There are actually two main ways that I’m seeing “reversible” being used to describe workwear. The first is that you can turn the garment inside out and have a wearable second option — for example, your black dress is now a gray dress.
(OR, for those few of you who may be familiar with the ’80s movie Girls Just Want to Have Fun, the way Helen Hunt’s character was able to reverse her plaid Catholic uniform skirt and instead wear a cool, sequined miniskirt that Sarah Jessica Parker was totally jealous of. I haven’t seen the movie in years, but here’s an AV Club review of it from 2016.)
The second thing “reversible” can mean is that you can take the same piece of clothing and flip it around, effectively wearing it backwards. For example, your scoop-neck black dress can be flipped around so that you have a black dress with a crew neck (and a scoop back).
(There is a related category worth noting here, if only to distinguish it from what we’re talking about: convertible clothing, which I generally think of as requiring some effort on your part, such as tying the dress or sweater in a different way, buttoning or unbuttoning some hidden feature. These clothes are clever but often a bit too clever for me, for what it’s worth — getting every iteration to look as great as the model does is often a bit difficult.)

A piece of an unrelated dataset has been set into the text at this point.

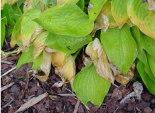 Многие из желтоокаймленных сортов, происходящих из семейства Sieboldiana, подвержены ржавчине. Это обезвоживание клеток листа в течение слишком долгого и сухого периода. Можно пересадить растение в более тенистое место или обильнее поливать, что, к сожалению, не решит проблему полностью. Это уже особенность сортов этой группы.
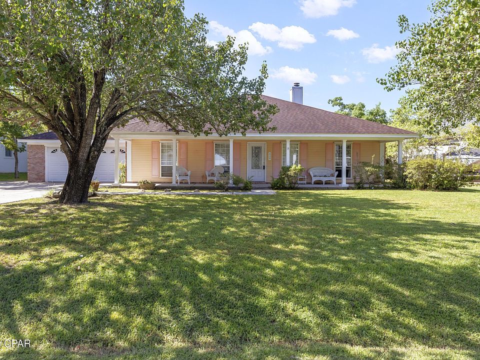 Located in the sought-after Colony Club community, this 3-bedroom, 2-bathroom home offers over 2,500 square feet of living space with a semi-open, split floor plan. Interior features include two spacious living areas, a formal dining room, a breakfast area, hardwood and tile flooring, and abundant natural light. The living room centers around a cozy fireplace, while the kitchen is equipped with granite countertops, stainless steel appliances, a breakfast bar, a pantry, and ample counter and cabinet space. The master suite easily accommodates large furnishings and has an adjoining bath with two walk-in closets, a double vanity, and an extra-large tiled walk-in shower. The 22x27 2-car garage offers space for parking, storage, or projects. The exterior highlights include a welcoming rockin' chair style front porch (Perfect for Holiday Decor), an oversized driveway, and a fenced backyard shaded in areas by mature trees. Set toward the back of Colony Club, this home provides a peaceful retreat close to the beach yet away from the bustle. The community borders West Bay and offers an Old Florida charm with golf course surroundings, plus easy access to shopping, restaurants, Gayle's Trail for walking or biking, and the Conservation Park. Call today for a private preview.

The Best Reversible Workwear for Your Next Business Trip
We covered Vetta in one of our spotlights on indie workwear brands. Their online shop is now closed but you can still buy their “archive pieces.” Almost all of their clothes are reversible in that they can be worn backwards and forwards, although some are also convertible.
Because their stock is down to lucky sizes, almost everything is marked down to around $19-$125.
Another smaller brand doing reversible workwear is Aday — their “work trip reversible dress” offers a square neck on one side, and a scoop-neck option on the other.
The dress is $195, available in sizes 0-18.
The dress is $138, available in regular and long lengths, sizes XS-3X.
Diane von Furstenberg
I feel like we’ve featured DvF’s reversible clothes before, and I have to say it’s so great that a brand known for its bold prints is offering them. For example, this dress features an “abstract artistry” print on the front, and if you turn it inside out you’ll also find a bold, pink flowery pattern.
Part of me wishes they would do one side with a bold print and one side with a more basic, boring one, but I suppose that isn’t what you’re buying DvF for.
Lafayette 148 New York
Lafayette 148 New York is another brand that has some great options for reversible workwear, in regular and plus sizes. Most of their offerings are coats, but they do have some jackets you can wear to work, like the pictured option.
Akris has a surprising number of reversible clothes, including jackets and sheath dresses. For example, the pictured “double-face wool-blend sheath” features a prince de galles plaid on one side, and a bold check on the reverse.
I love it, and apparently so do others — the dress is down to lucky sizes. (It’s $2390, at Nordstrom.)